:: MATERIALS PROVIDED ::

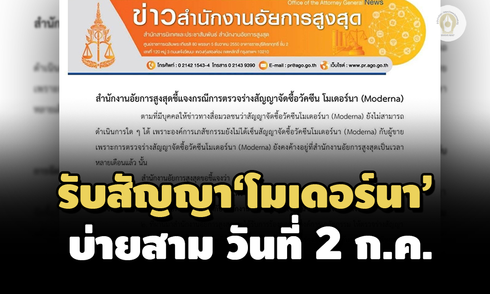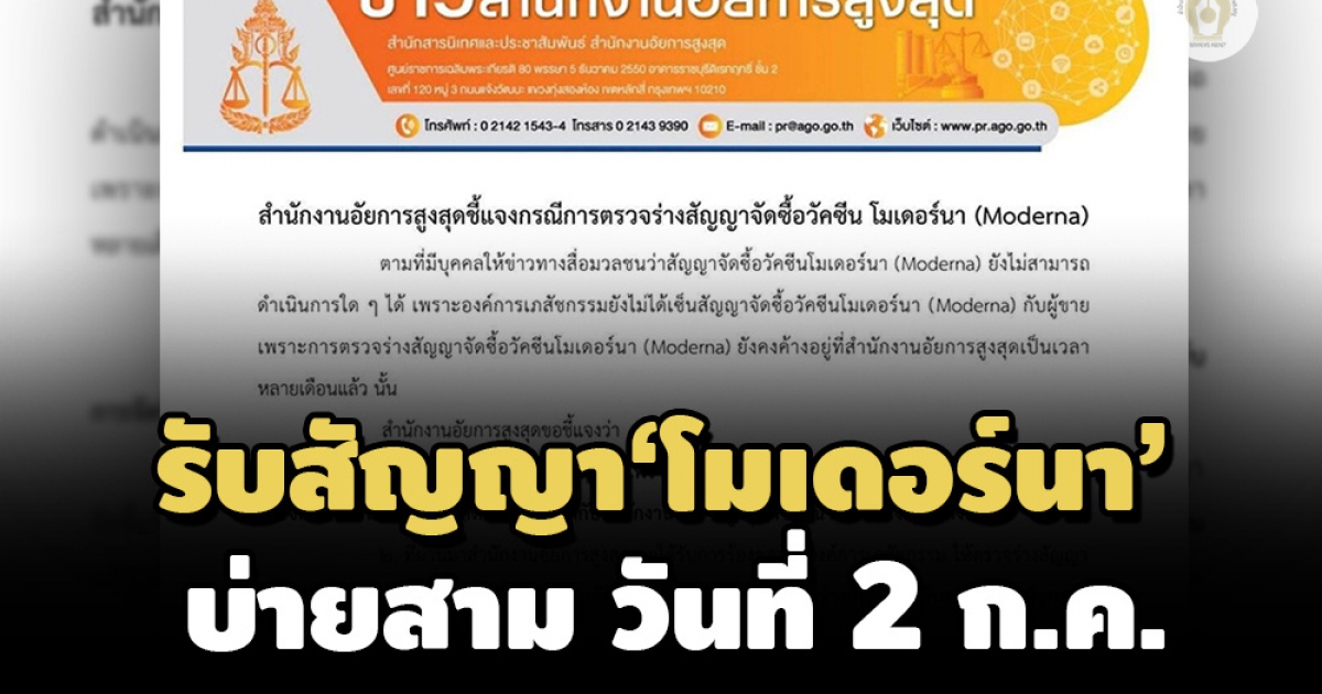 (ข่าวประกอบ : องค์การเภสัชกรรมเผยส่งร่างสัญญาซื้อวัคซีน'โมเดอร์นา'ให้อัยการสูงสุดแล้ว)
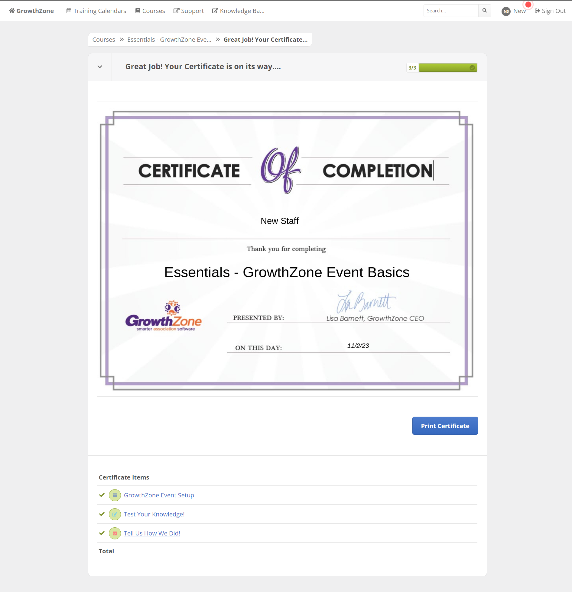 We can print our certificate or save it as a PDF. And you can also always access your certificate later by clicking your name in the upper right corner, then selecting the Certificates tab.
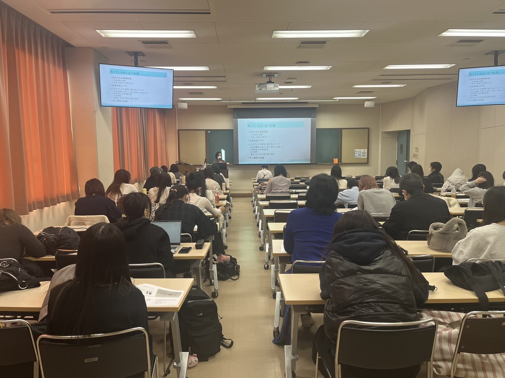 記念すべき第1回は12月8日(木)に「コミュニティ通訳論(基礎)」の授業で、NPO法人MICかながわで医療通訳ボランティアとして活動されている榊原圭美さんをお招きし、「コミュニティ通訳を通して学んでいること」というテーマでお話をうかがいました。
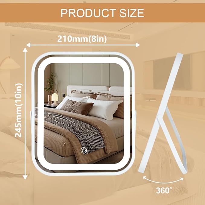 - 【Adjustable Brightness】The lighted makeup mirror features a dimmable LED light system, allowing users to customize the brightness for various lighting conditions. With multiple levels of light adjustment, you can achieve perfect lighting for makeup application, skincare routines, or hairstyling.
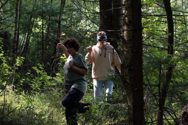Просторная практика со зрителями, заключающаяся в 15-ти минутных прогулках по лесу, где зритель ориентируется исключительно на звук колокольчиков в руках художника. Ситуация столкновения с крайней уязвимостью и сопутствующей заботой, помогающая за короткое время почувствовать близость перед лицом тревожащей ситуации.
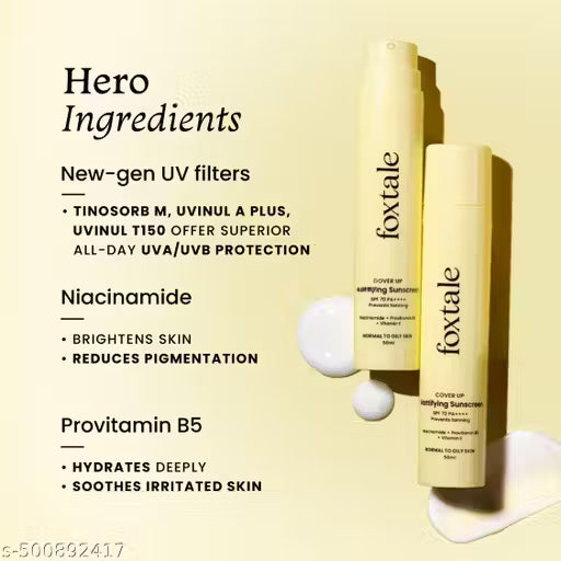 Foxtale Niacinamide Matte Sunscreen SPF 70+ PA++++ offers high-level protection with a non-greasy, anti-tan formula suitable for both men and women. Infused with niacinamide, it helps brighten skin while delivering a matte finish without any white cast. This pack of two 50ml tubes ensures you stay protected and shine-free throughout the day, making it ideal for daily wear in various environments.
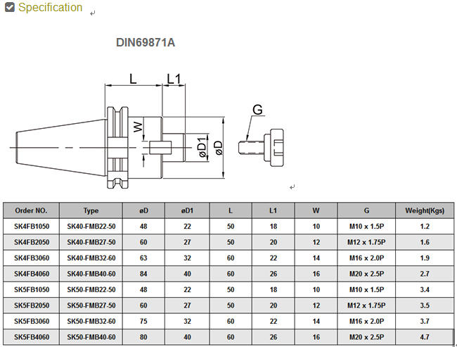 BT/FMB FACE MILL ARB
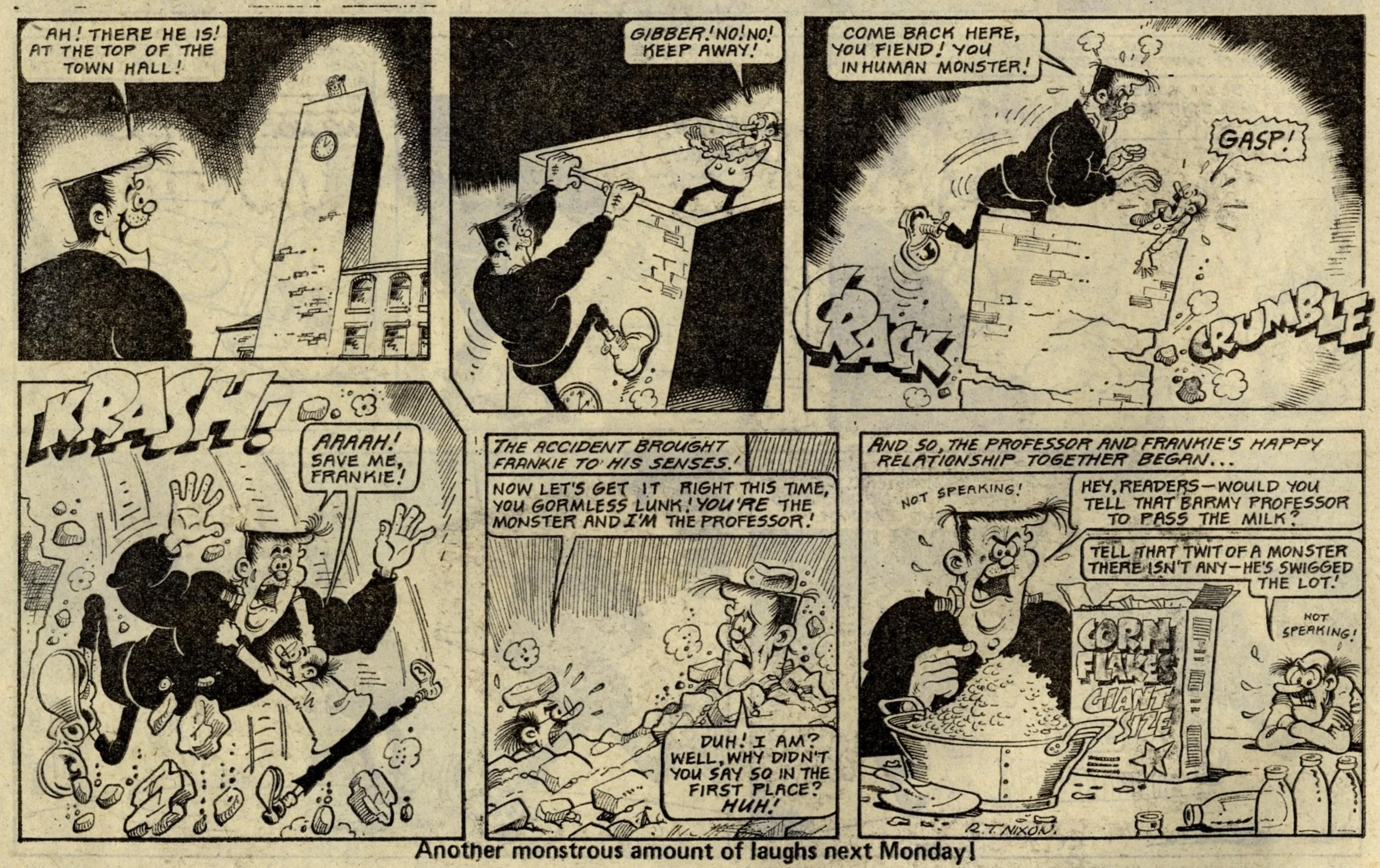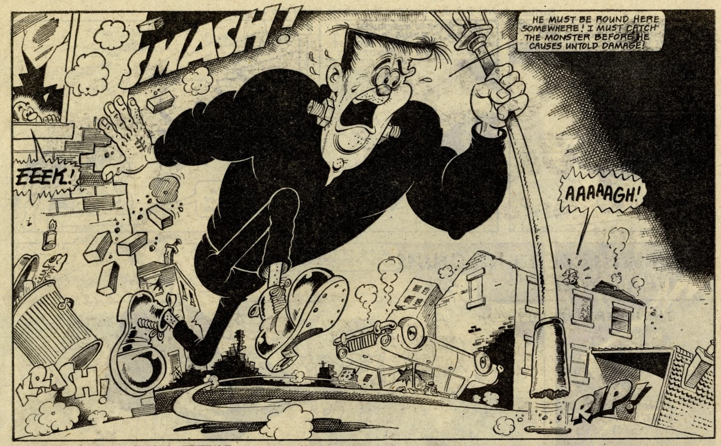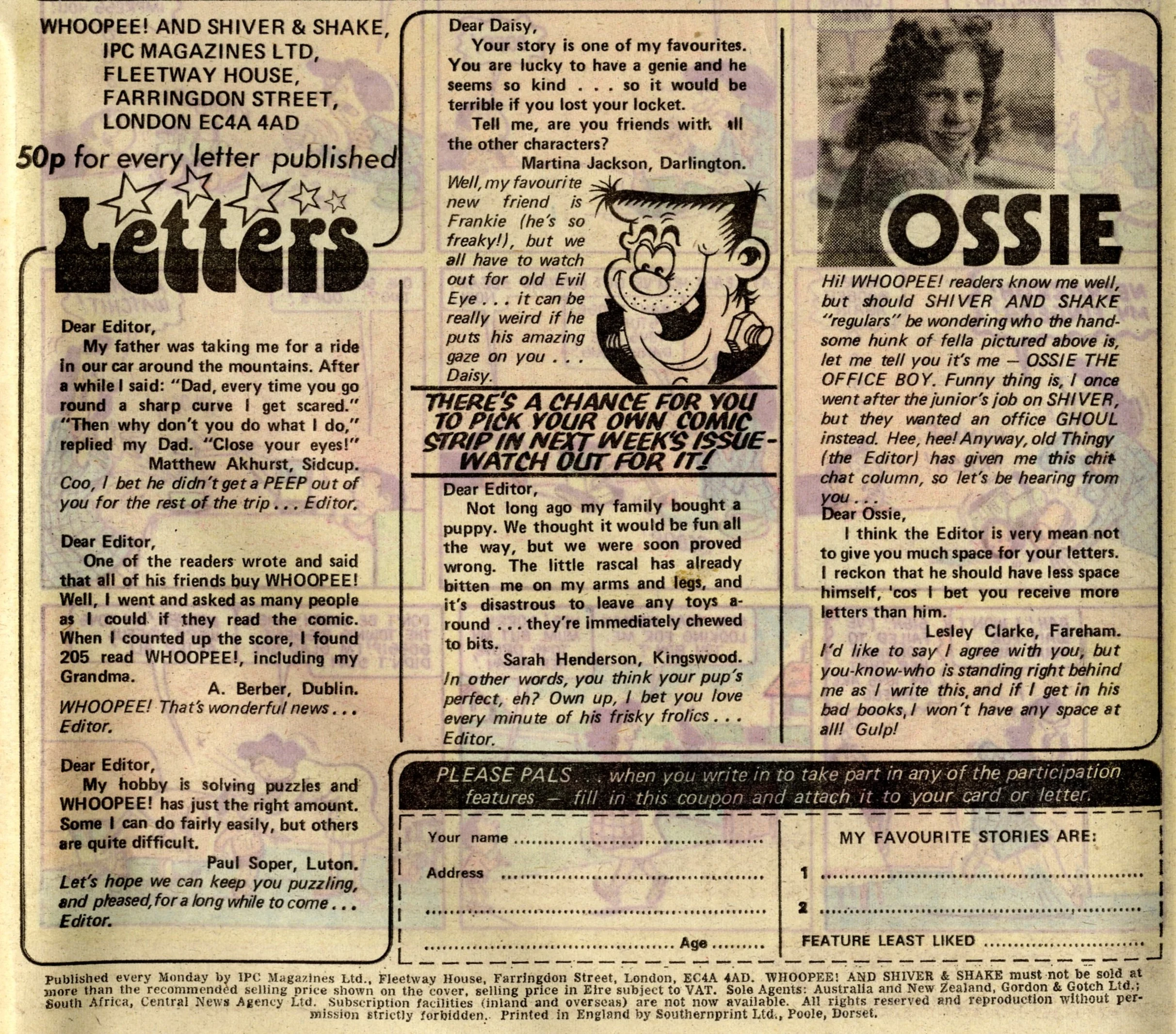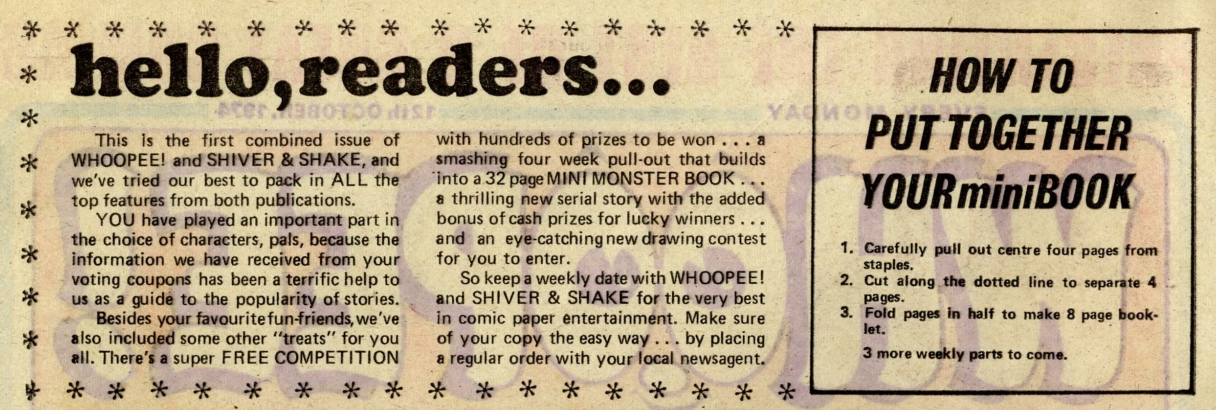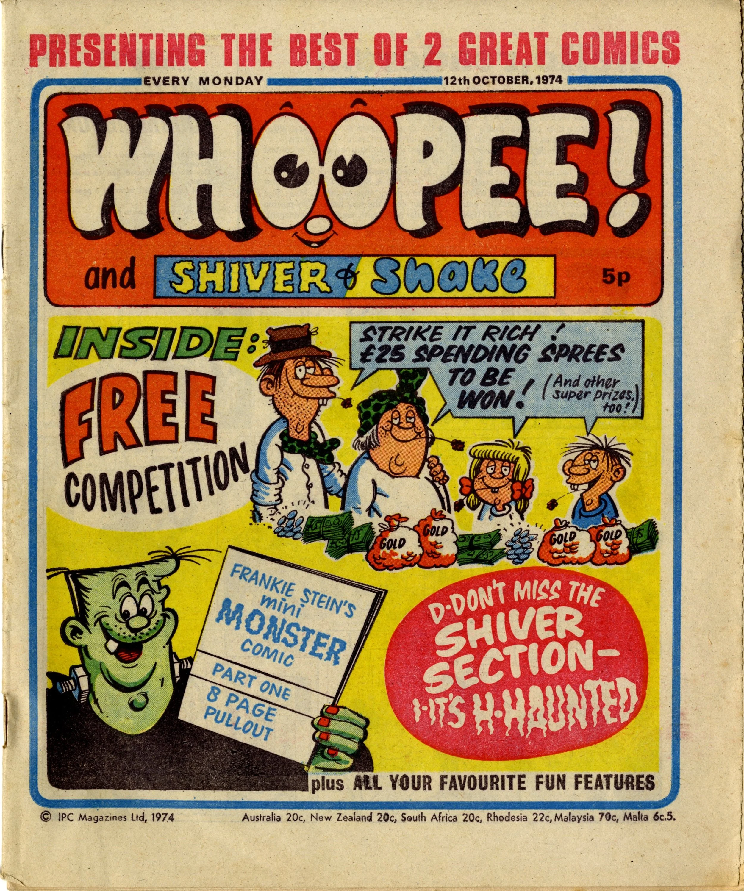 On this day, 12 October 1974 … Whoopee! had launched in March of this year, a decent comic but not particularly outstanding or especially different from stablemates Buster, Whizzer and Chips or Cor!! (which came to an end shortly after Whoopee!’s arrival). One wonders whether it was felt a shot in the arm was needed for Whoopee! to make it because its merger with Shiver and Shake seven months later marked something of a re-launch – a Whoopee! 2.0 – which gave the comic the particular character that will be far more recognisable to those who read and loved the comic throughout the rest of the decade and into the early 1980s: a wacky mix of slapstick humour and horror-based fun following the arrival of Shiver and Shake favourites such as Sweeny Toddler, Frankie Stein, Lolly Pop, Scream Inn and Creepy Car.

:::

## AIM OF THE TASK:
Look above for the line with "Просторная практика со" and the line with "BT/FMB FACE MILL ARB", then restate exactly those two lines and all lines between them, with no pictures.

## ANSWER SPACE:
Просторная практика со зрителями, заключающаяся в 15-ти минутных прогулках по лесу, где зритель ориентируется исключительно на звук колокольчиков в руках художника. Ситуация столкновения с крайней уязвимостью и сопутствующей заботой, помогающая за короткое время почувствовать близость перед лицом тревожащей ситуации.
 Foxtale Niacinamide Matte Sunscreen SPF 70+ PA++++ offers high-level protection with a non-greasy, anti-tan formula suitable for both men and women. Infused with niacinamide, it helps brighten skin while delivering a matte finish without any white cast. This pack of two 50ml tubes ensures you stay protected and shine-free throughout the day, making it ideal for daily wear in various environments.
 BT/FMB FACE MILL ARB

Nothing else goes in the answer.